Open Data on Stack Exchange
The Open Data area on Stack Exchange, found at http://opendata.stackexchange.com, is a collection of questions and answers relevant to open datasets. There have been many instances where I have found interesting datasets here, and other times I have been able to show other people how to answer a question using one of my own datasets. This Q&A website is also a great way to learn what kinds of questions people have, and what kind of formats they like for the data they want to use.
Before advertising your data as a solution to someone's problem on Stack Exchange, be sure that your access methods, documentation, and licenses are up to standard using the guidelines we discussed previously in this chapter. This is especially important on Stack Exchange, since both questions and answers can be down-voted by users. The last thing you want to do is try to publicize your data with a bunch of broken links and confusing documentation.
Another fun way to get people involved with your data is to publicize it as a usable dataset for a hackathon. Data hackathons are usually day-long or multiday events where programmers and data scientists come together to practice different techniques on datasets, or to solve a particular class of problem using data.
A simple search engine query for data hackathon will show you what the focus of the current crop of hackathons is. Some of them are sponsored by companies, and some are designed to respond to social problems. Most of them have a wiki or some other method to add your URL and a brief description of the data to the list of datasets that can be used on the day of the hackathon. I hesitate to recommend a particular one, since the very nature of a hackathon is to happen once and then morph and change into something else. They also tend to be held at irregular times and be organized by ad hoc groups.

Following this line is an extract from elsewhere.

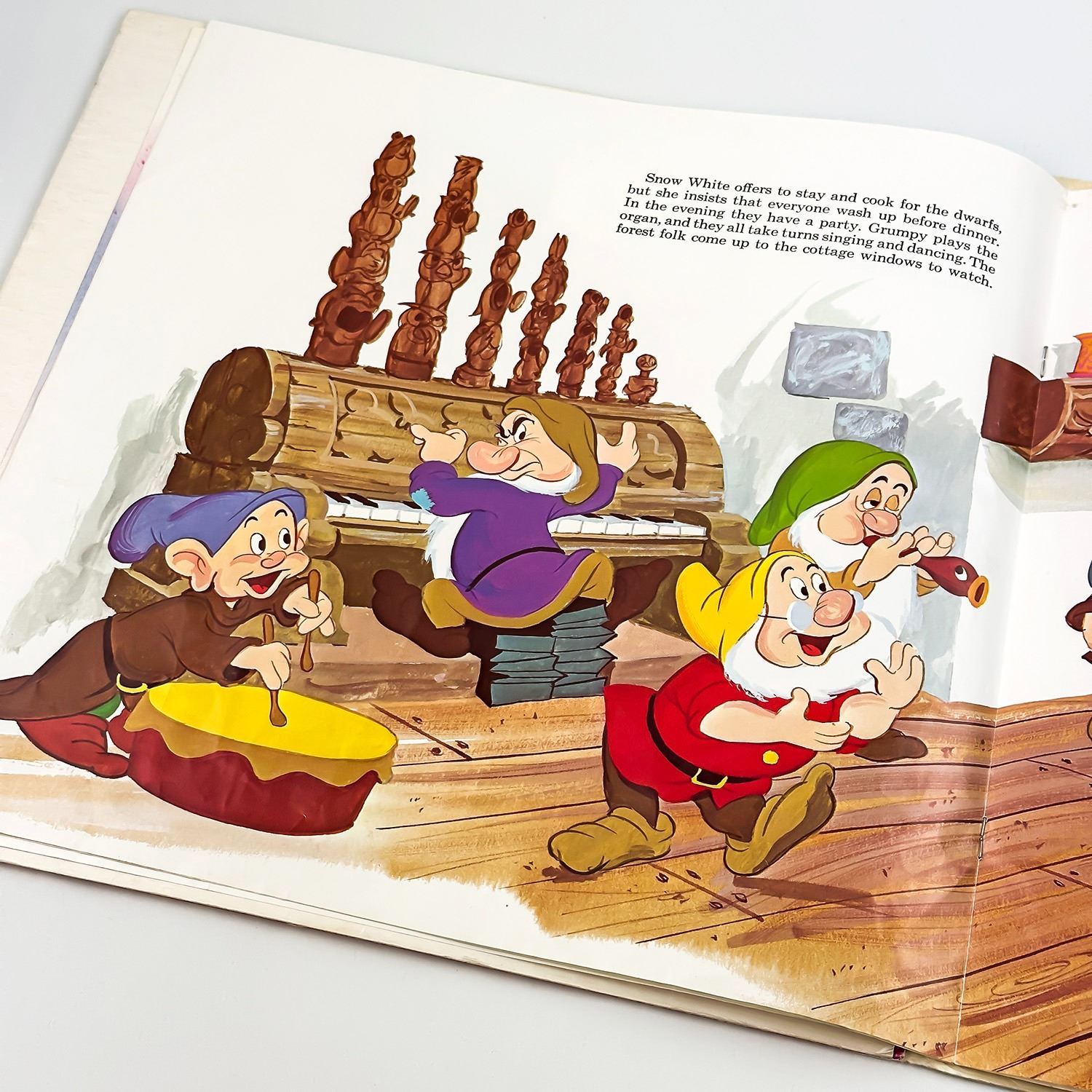 #8445 - VINYL LP GATEFOLD RECORD ALBUM. STORY & SONGS FROM SNOW WHITE AND THE SEVEN DWARFS. RECORD SLEEVE HAS SURFACE ISSUES. COMPLETE ILLUSTRATED BOOK INSIDE - PAGES DETACHED FROM STAPLES AND SHOW HANDLING WEAR. DISNEYLAND RECORDS ST 3906

If your dataset is designed with an academic purpose in mind, for example, if it is a research dataset, you might consider hosting your own hackathon during the workshops or poster sessions of an academic conference. This is an excellent way to get people engaged in manipulating your data, and at the very least, you may get some good feedback from the people at the conference for ways to improve your data, or what datasets they think you should build next.
At this point in the book, you have seen a complete beginning-to-end overview of data cleaning. The next two chapters consist of longer, more detailed projects that will give you some more practical exposure to data cleaning tasks using the skills we learned earlier in the book.